#### TASK ITEM
Output each record below exactly, leaving any picture out of the copy.

Collected data entries:

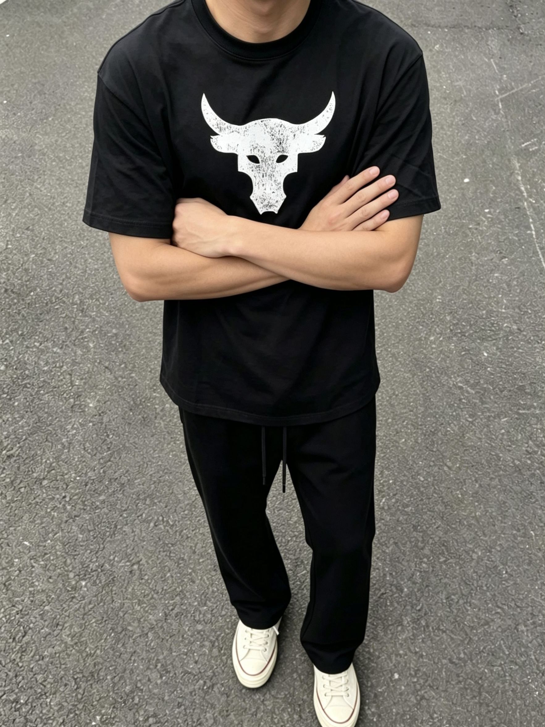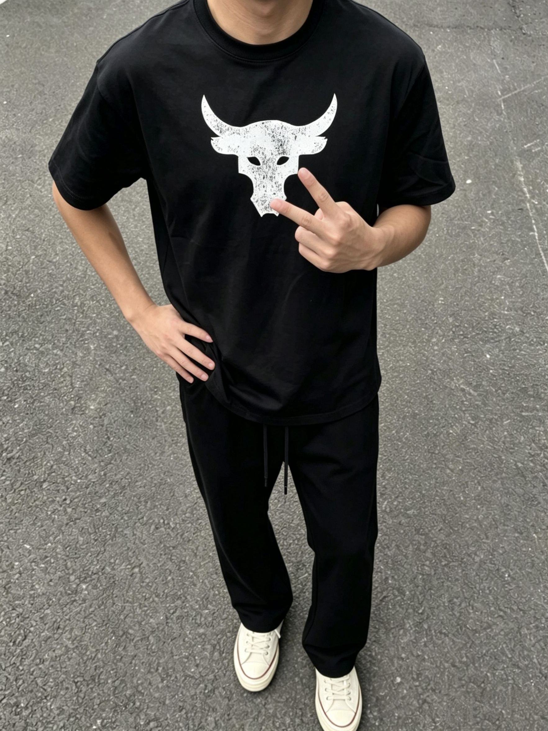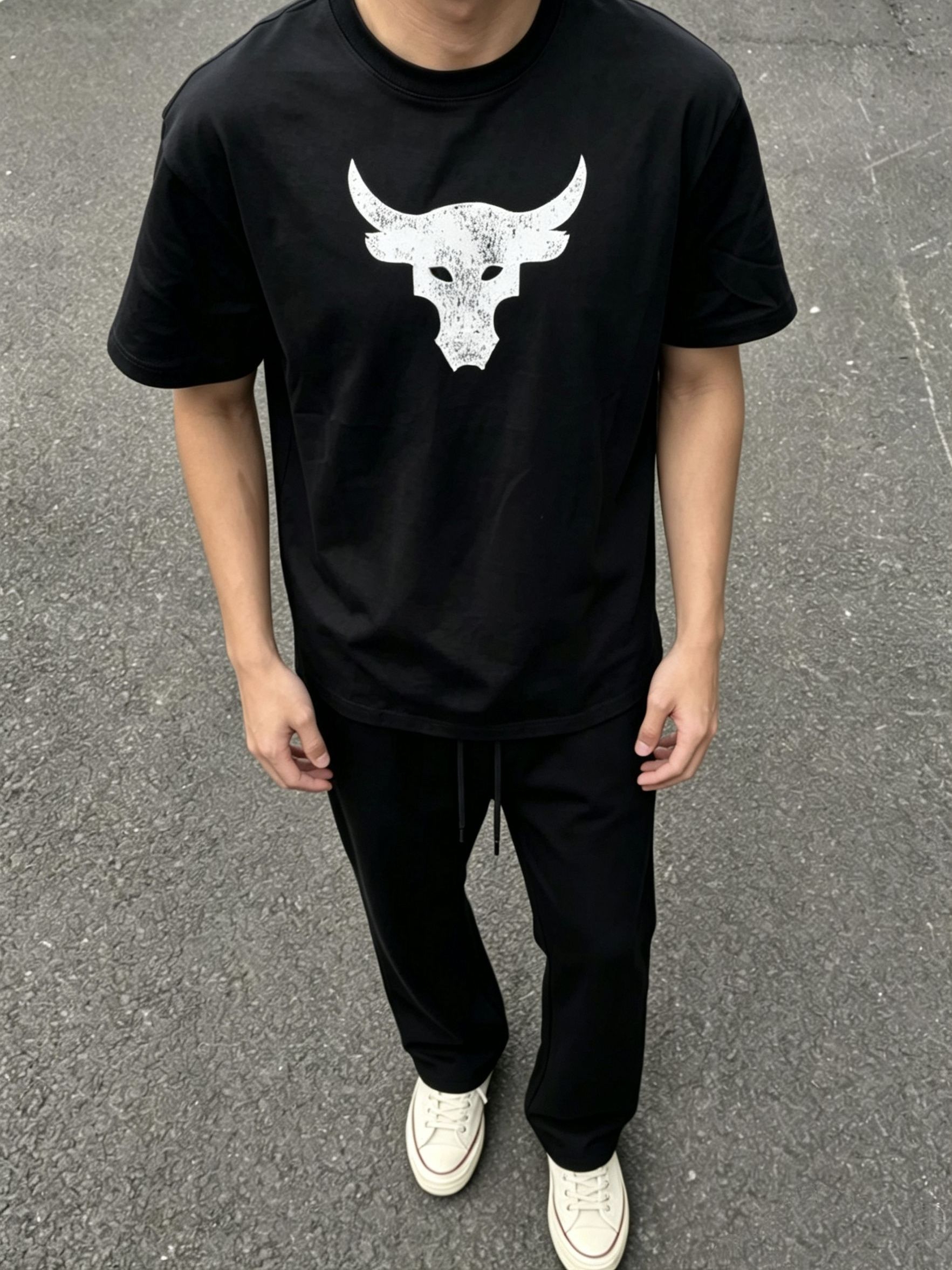 谁懂啊家人们!这套简约不简单的街头穿搭,直接把松弛感焊在身上了😭 做旧磨损感的白色牛头logo,自带美式复古buff,黑底白印视觉冲击力拉满,不挑身材不挑肤色,黄皮男生闭眼冲 宽松落肩版型,对各种身材都超友好,日常通勤、出街炸街都能hold住
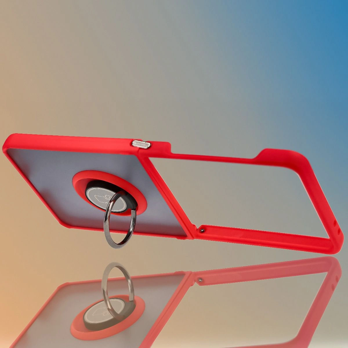 Etui z uchwytem na palec Bizon Case Hybrid Ring do Galaxy Z Flip7, przydymione z czerwoną ramką
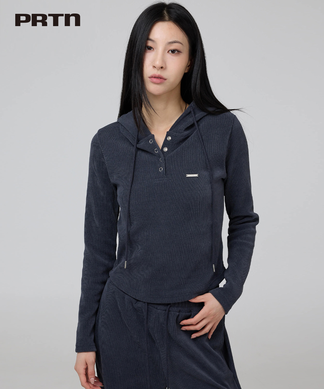 [단독]PRTN)포르테나 코듀로이 로고 후드 탑
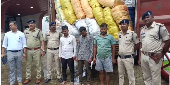 दुर्ग। दुर्ग पुलिस ने नशे के खिलाफ चलाए जा रहे विशेष अभियान के तहत एक बड़ी कार्रवाई को अंजाम देते हुए एक अंतरराज्यीय गांजा तस्कर गिरोह का भंडाफोड़ किया है। पुलिस ने लगभग 60 लाख रुपये का 388 किलो से अधिक गांजा जब्त किया है। इस कार्रवाई में एक कंटेनर, नकदी और अन्य सामान सहित कुल 1 करोड़ 53 लाख रुपये का माल जब्त किया गया है। पुलिस ने इस मामले में तीन अंतरराज्यीय तस्करों को भी गिरफ्तार किया है।
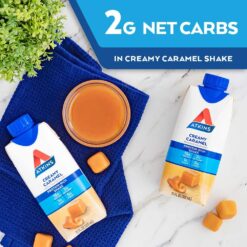 Stay on track. Stay true to the Atkins Diet and Lifestyle with our delicious Shakes. This creamy caramel energy shake has 2 grams of net Carbs and 1 gram of sugar per serving.
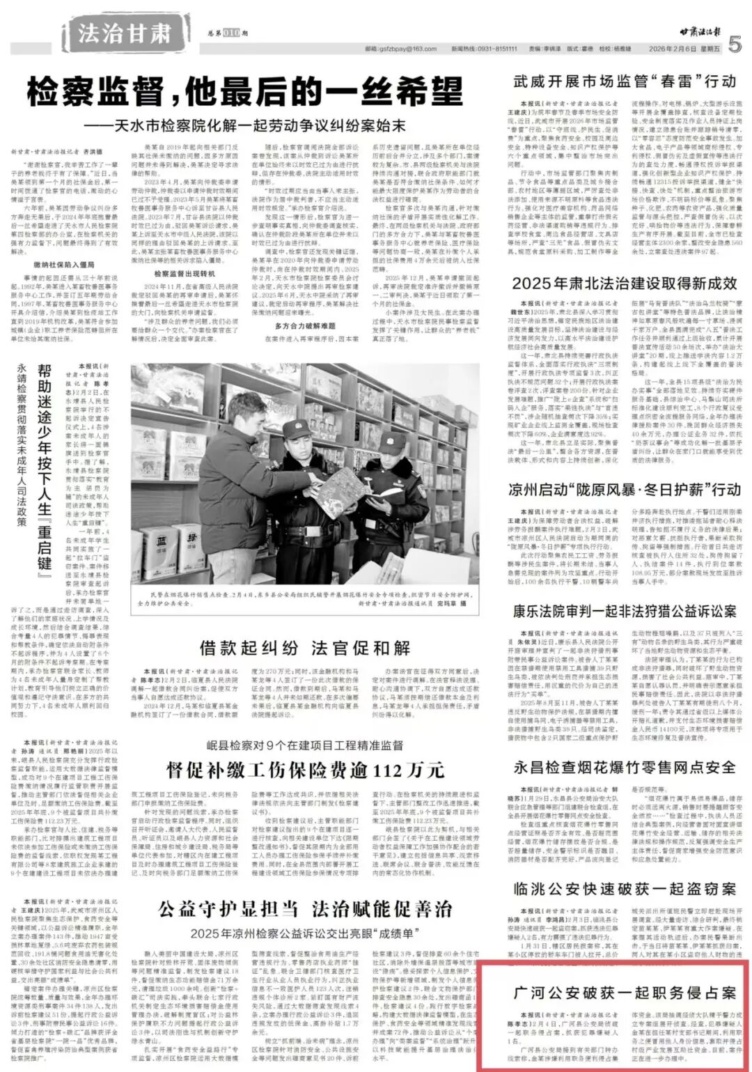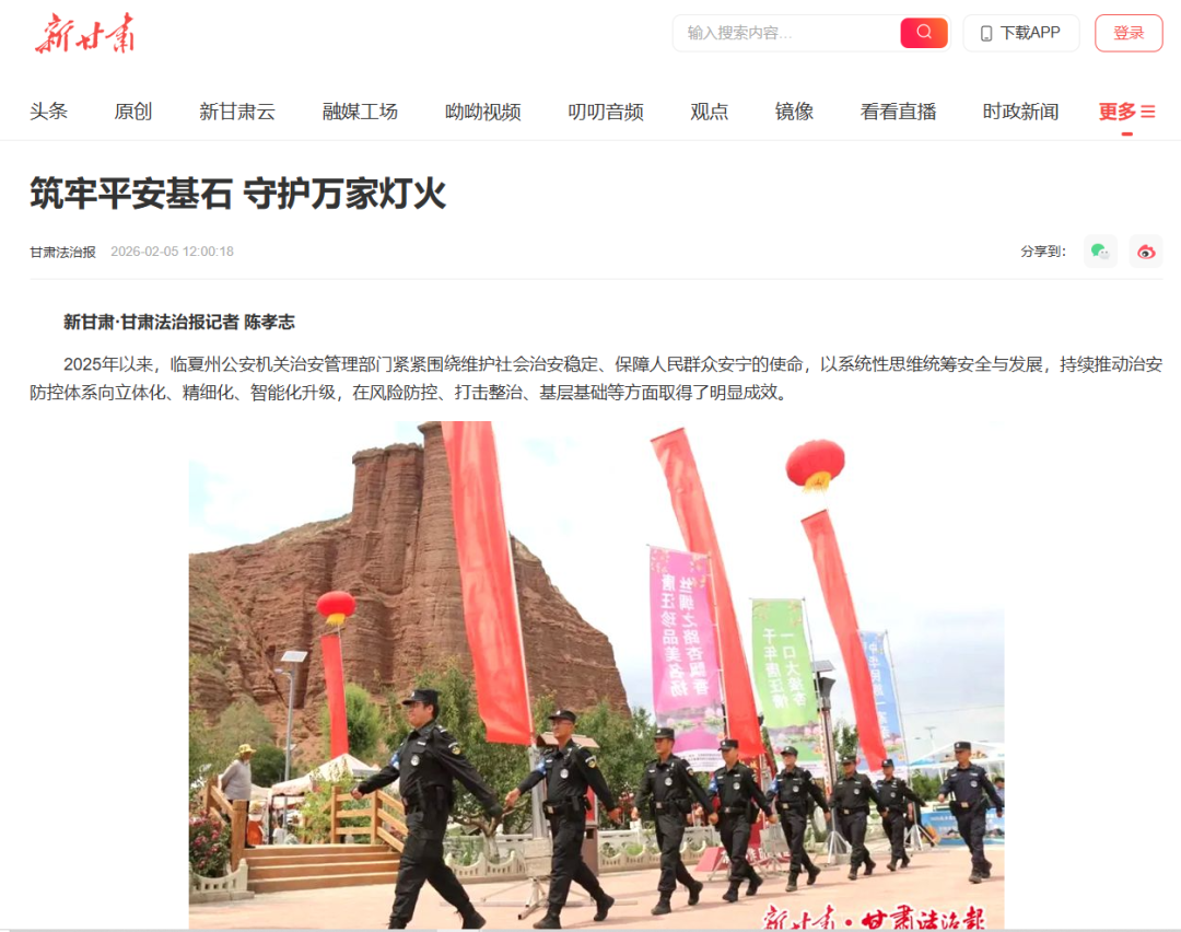 ▲新甘肃刊发《筑牢平安基石守护万家灯火》、《临夏海东两地协作成功营救5名遇险驴友》和广河县公安局《2026年春运启幕广河交管多措并举护航平安返乡路》信息。
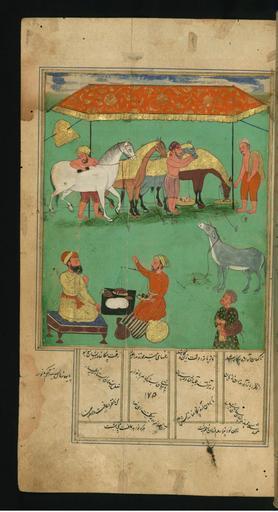 | Keywords: Jalal al-Din Rumi, Maulana - A Woodcutter?s Miserable Donkey who Envies the King?s Horses, Fed with Delicious Grain - Walters W626242A - Full Page.jpg  This folio from Walters manuscript W 626 depicts a woodcutter's miserable donkey who envies the king's horses fed with delicious grain islamic 1663 1073 ink and pigments on thin laid paper probably Kashmiri cm 26 5 15 accession number W 626 242A 83769 Ibrahim date and mode of acquisition unknown round seal impression Ibrahim on front flyleaf iia Henry Walters Baltimore date and mode of acquisition unknown Walters Art Museum Henry Walters Acquired by Henry Walters place of origin Bharat Walters Art Museum license 2D Manuscript by Rumi Walters MS 626 Media contributed by the Walters Art Museum needs category review Jalal al-Din Rumi, Maulana - A Woodcutter?s Miserable Donkey who Envies the King?s Horses, Fed with Delicious Grain - Walters W626242A - Full Page.jpg  This folio from Walters manuscript W 626 depicts a woodcutter's miserable donkey who envies the king's horses fed with delicious grain islamic 1663 1073 ink and pigments on thin laid paper probably Kashmiri cm 26 5 15 accession number W 626 242A 83769 Ibrahim date and mode of acquisition unknown round seal impression Ibrahim on front flyleaf iia Henry Walters Baltimore date and mode of acquisition unknown Walters Art Museum Henry Walters Acquired by Henry Walters place of origin Bharat Walters Art Museum license 2D Manuscript by Rumi Walters MS 626 Media contributed by the Walters Art Museum needs category review |
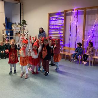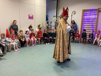 Die Vorfreude auf die bevorstehende Nikolausfeier war in den Tagen zuvor überall zu spüren: lachende Gesichter, fröhliches Geplapper und eine große Portion Aufregung erfüllte die Kita. Am 05.12.2025 war es endlich so weit. Das Programm wurde vielseitig und lebendig gestaltet, nicht zuletzt dank der Kinder, die im Vorfeld aktiv an der Planung beteiligt waren. Nachdem sich alle im vorweihnachtlich geschmückten Turnraum eingefunden hatten und Pfarrer Hartmüller nicht nur von Bischof Nikolaus erzählte, sondern dabei auch die passenden Requisiten anlegte, staunten besonders die Jüngsten über die Verwandlung. Mit funkelnden Augen verfolgten sie, wie Pfarrer Hartmüller Schritt für Schritt in die Rolle des heiligen Nikolaus schlüpfte. Daraufhin präsentierten die Kinder ihr Programm, das mit großer Begeisterung von allen verfolgt wurde. Es wurde getanzt, gesungen, mit Instrumenten musiziert und ein Gedicht vorgetragen, in dem an erster Stelle nicht das Materielle stand, sondern Wertschätzung, Gemeinschaft und füreinander da zu sein. In dieser warmen und feierlichen Atmosphäre wurde die Nikolausfeier zu einem besonderen Erlebnis, sowohl für das Kita-Team als auch für den Nikolaus selbst.

#### SOLUTION
 谁懂啊家人们!这套简约不简单的街头穿搭,直接把松弛感焊在身上了😭 做旧磨损感的白色牛头logo,自带美式复古buff,黑底白印视觉冲击力拉满,不挑身材不挑肤色,黄皮男生闭眼冲 宽松落肩版型,对各种身材都超友好,日常通勤、出街炸街都能hold住
 Etui z uchwytem na palec Bizon Case Hybrid Ring do Galaxy Z Flip7, przydymione z czerwoną ramką
 [단독]PRTN)포르테나 코듀로이 로고 후드 탑
 दुर्ग। दुर्ग पुलिस ने नशे के खिलाफ चलाए जा रहे विशेष अभियान के तहत एक बड़ी कार्रवाई को अंजाम देते हुए एक अंतरराज्यीय गांजा तस्कर गिरोह का भंडाफोड़ किया है। पुलिस ने लगभग 60 लाख रुपये का 388 किलो से अधिक गांजा जब्त किया है। इस कार्रवाई में एक कंटेनर, नकदी और अन्य सामान सहित कुल 1 करोड़ 53 लाख रुपये का माल जब्त किया गया है। पुलिस ने इस मामले में तीन अंतरराज्यीय तस्करों को भी गिरफ्तार किया है।
 Stay on track. Stay true to the Atkins Diet and Lifestyle with our delicious Shakes. This creamy caramel energy shake has 2 grams of net Carbs and 1 gram of sugar per serving.
 ▲新甘肃刊发《筑牢平安基石守护万家灯火》、《临夏海东两地协作成功营救5名遇险驴友》和广河县公安局《2026年春运启幕广河交管多措并举护航平安返乡路》信息。
 | Keywords: Jalal al-Din Rumi, Maulana - A Woodcutter?s Miserable Donkey who Envies the King?s Horses, Fed with Delicious Grain - Walters W626242A - Full Page.jpg  This folio from Walters manuscript W 626 depicts a woodcutter's miserable donkey who envies the king's horses fed with delicious grain islamic 1663 1073 ink and pigments on thin laid paper probably Kashmiri cm 26 5 15 accession number W 626 242A 83769 Ibrahim date and mode of acquisition unknown round seal impression Ibrahim on front flyleaf iia Henry Walters Baltimore date and mode of acquisition unknown Walters Art Museum Henry Walters Acquired by Henry Walters place of origin Bharat Walters Art Museum license 2D Manuscript by Rumi Walters MS 626 Media contributed by the Walters Art Museum needs category review Jalal al-Din Rumi, Maulana - A Woodcutter?s Miserable Donkey who Envies the King?s Horses, Fed with Delicious Grain - Walters W626242A - Full Page.jpg  This folio from Walters manuscript W 626 depicts a woodcutter's miserable donkey who envies the king's horses fed with delicious grain islamic 1663 1073 ink and pigments on thin laid paper probably Kashmiri cm 26 5 15 accession number W 626 242A 83769 Ibrahim date and mode of acquisition unknown round seal impression Ibrahim on front flyleaf iia Henry Walters Baltimore date and mode of acquisition unknown Walters Art Museum Henry Walters Acquired by Henry Walters place of origin Bharat Walters Art Museum license 2D Manuscript by Rumi Walters MS 626 Media contributed by the Walters Art Museum needs category review |
 Die Vorfreude auf die bevorstehende Nikolausfeier war in den Tagen zuvor überall zu spüren: lachende Gesichter, fröhliches Geplapper und eine große Portion Aufregung erfüllte die Kita. Am 05.12.2025 war es endlich so weit. Das Programm wurde vielseitig und lebendig gestaltet, nicht zuletzt dank der Kinder, die im Vorfeld aktiv an der Planung beteiligt waren. Nachdem sich alle im vorweihnachtlich geschmückten Turnraum eingefunden hatten und Pfarrer Hartmüller nicht nur von Bischof Nikolaus erzählte, sondern dabei auch die passenden Requisiten anlegte, staunten besonders die Jüngsten über die Verwandlung. Mit funkelnden Augen verfolgten sie, wie Pfarrer Hartmüller Schritt für Schritt in die Rolle des heiligen Nikolaus schlüpfte. Daraufhin präsentierten die Kinder ihr Programm, das mit großer Begeisterung von allen verfolgt wurde. Es wurde getanzt, gesungen, mit Instrumenten musiziert und ein Gedicht vorgetragen, in dem an erster Stelle nicht das Materielle stand, sondern Wertschätzung, Gemeinschaft und füreinander da zu sein. In dieser warmen und feierlichen Atmosphäre wurde die Nikolausfeier zu einem besonderen Erlebnis, sowohl für das Kita-Team als auch für den Nikolaus selbst.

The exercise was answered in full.